Come reagisce allora Trump nel suo secondo mandato?
La controversa elezione presidenziale del 2024 con l’elezione di Maduro non riconosciuta dalla maggioranza dei paesi del mondo, finisce con l’essere una sconfitta politica per il chavismo, perché lo isola da una parte dei suoi alleati e riceve molte critiche da parte della sinistra e non realizza quel processo di legittimazione internazionale che Maduro ricercava e che avrebbe favorito l’apertura e l’avvicinamento con gli Stati Uniti per alleggerire le sanzioni e rinnovare il debito che il Venezuela ha in buoni di Stato statunitense. Nel governo di Trump c’erano inizialmente due posizioni nei confronti del Venezuela, poi prevale quella più bellicista di Marco Rubio che mette insieme i problemi dell’immigrazione, della droga e il tema del petrolio identificandoli col Venezuela e con Maduro e così si arriva al dispiegamento militare statunitense nei Caraibi per dimostrarne la forza nell’emisfero occidentale, intimidire il Venezuela e cominciare una campagna di bombardamento sulle imbarcazioni accusate di narcotraffico. Convertendo Maduro in un criminale profugo del sistema statunitense, si conclude il ciclo di criminalizzazione del Venezuela come uno Stato quasi fallito e si arriva al suo sequestro con un bombardamento sulla capitale. L’effetto è quello di intimidire i leader dell’America Latina e gli altri leader mondiali, come si sta vedendo nel caso della Groenlandia.
Dopo la cattura di Maduro, il chavismo rimane al suo posto almeno formalmente, ma non c’è una mobilitazione popolare importante a suo sostegno. Si può dire che il governo di Delcy Rodríguez sia sotto la tutela degli Stati Uniti?

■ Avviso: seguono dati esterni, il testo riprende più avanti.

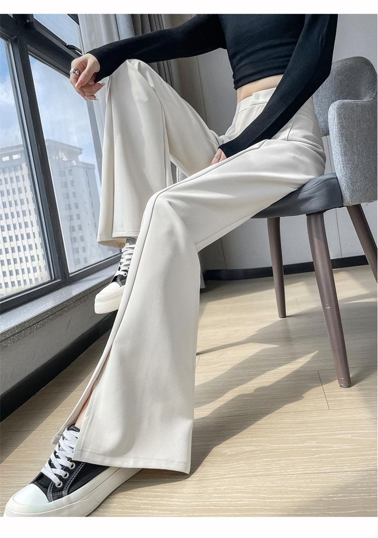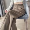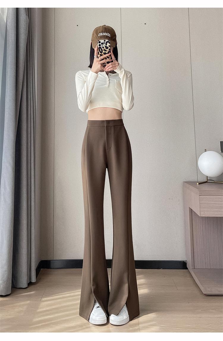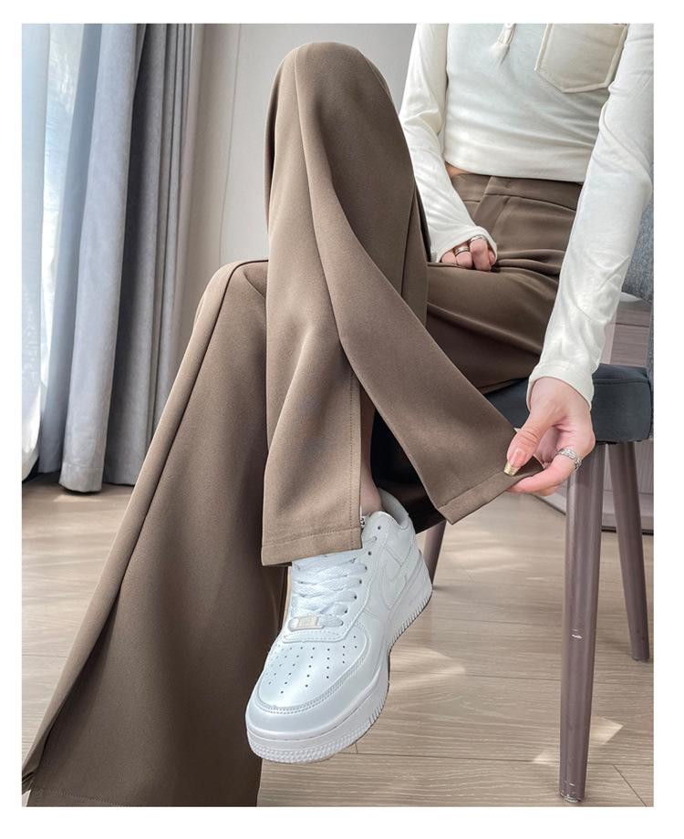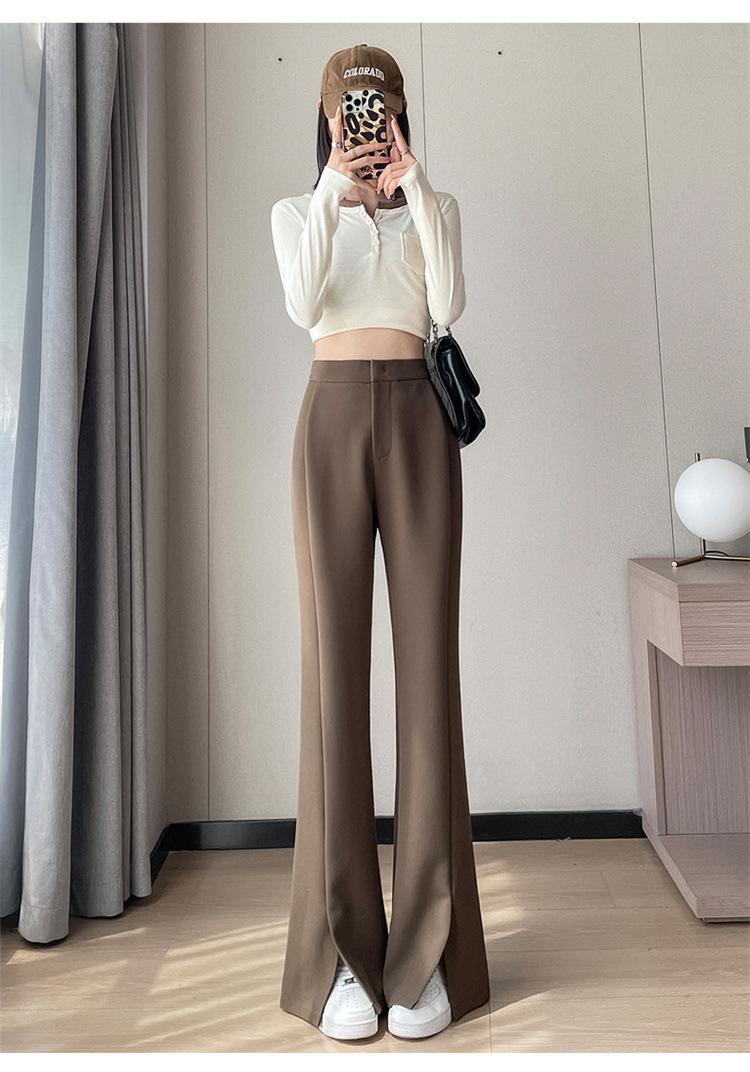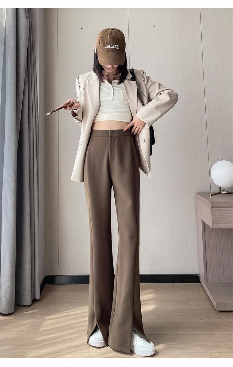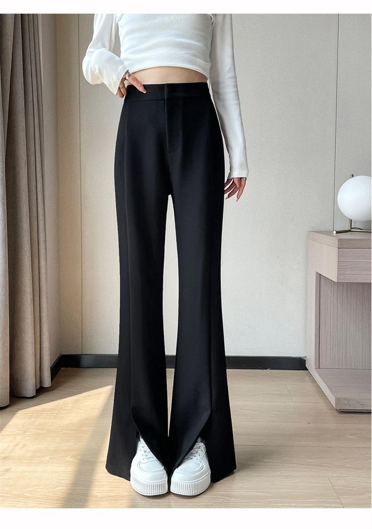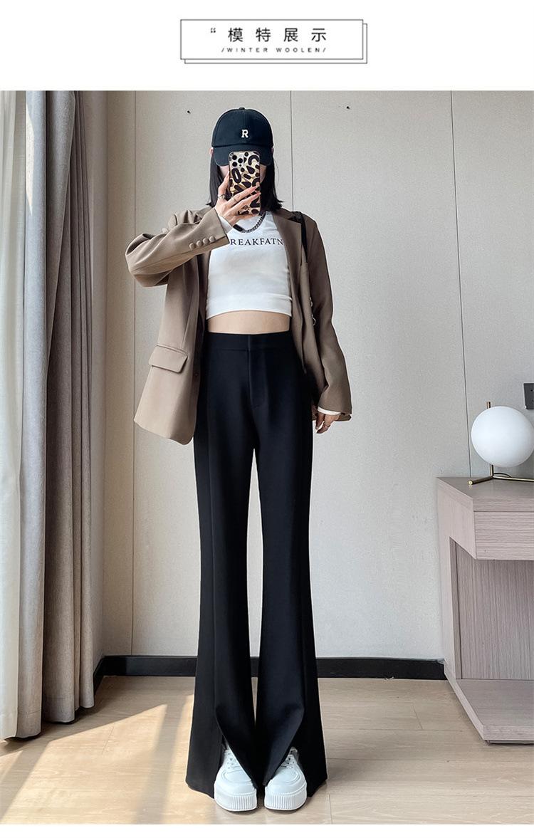 Pantalones de traje de terciopelo con abertura Otoño e Invierno 2025 Cintura alta Rectos Lana Pierna ancha Ligeramente acampanados Pantalones casuales para mujer
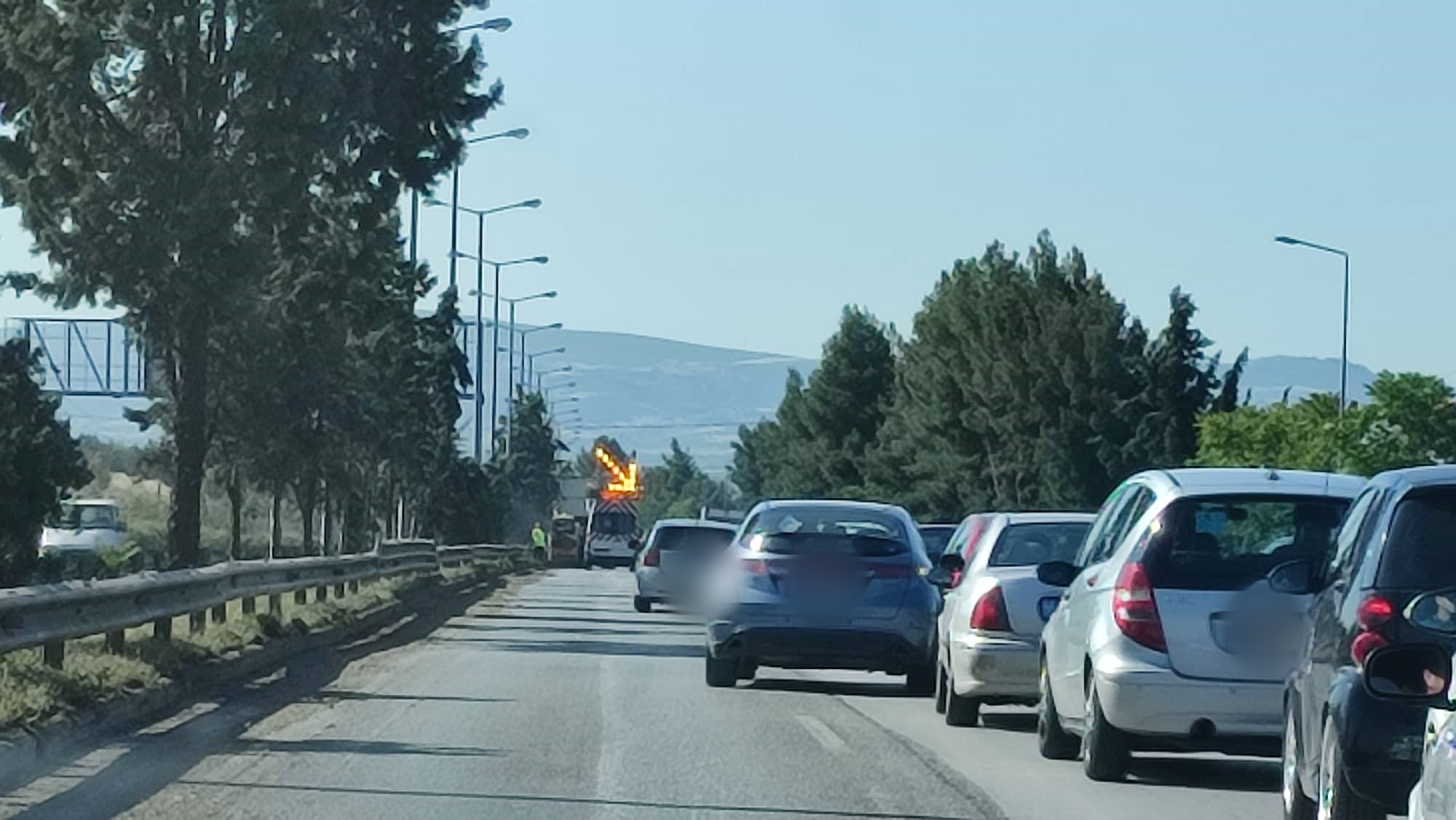 Μποτιλιάρισμα στη Μουδανιών λόγω εργασιών της ΠΚΜ (φωτο)

Il chavismo si trova in una situazione un po’ complicata, perché Trump, come ci ha abituati, genera sempre una narrazione sui social in cui lui figura come quello che dirige tutti i processi che mette in moto, soprattutto all’estero. E rispetto al Venezuela lo fa con una strategia di relazioni pubbliche, dicendo “noi stiamo comprando al Venezuela tanto petrolio”, oppure “stiamo liberando molti prigionieri politici”. Nella realtà succedono cose che sono difficili da catalogare come un governo indiretto, perché per il momento c’è solo un accordo parziale col governo venezolano secondo cui i barili di petrolio che sono immagazzinati per effetto del blocco marittimo che è stato applicato al Venezuela saranno venduti agli Stati Uniti. Anche nel caso dei prigionieri politici, Trump ha detto che sarebbero stati liberati tutti e invece ne è stato liberato un numero ridotto, peraltro il governo venezolano ne aveva già liberati una parte prima, ossia che il governo venezolano continua a controllare la vita politica del paese, con uno stato di eccezione interno che gli permette il dispiegamento delle forze dell’ordine in tutte le strade venezolane. L’unità del blocco chavista si mantiene, i fratelli Rodríguez, Delcy e Jorge, sono alla guida rispettivamente del paese e del parlamento; Diosdado Cabello e Padrino López, che sono i due uomini forti del regime, sono al fianco della presidente. Sembra che ci sia un coordinamento per quanto riguarda il petrolio, che per l’embargo che soffre il Venezuela è un tema problematico, perché ormai nel paese entrava solo il danaro delle navi fantasma…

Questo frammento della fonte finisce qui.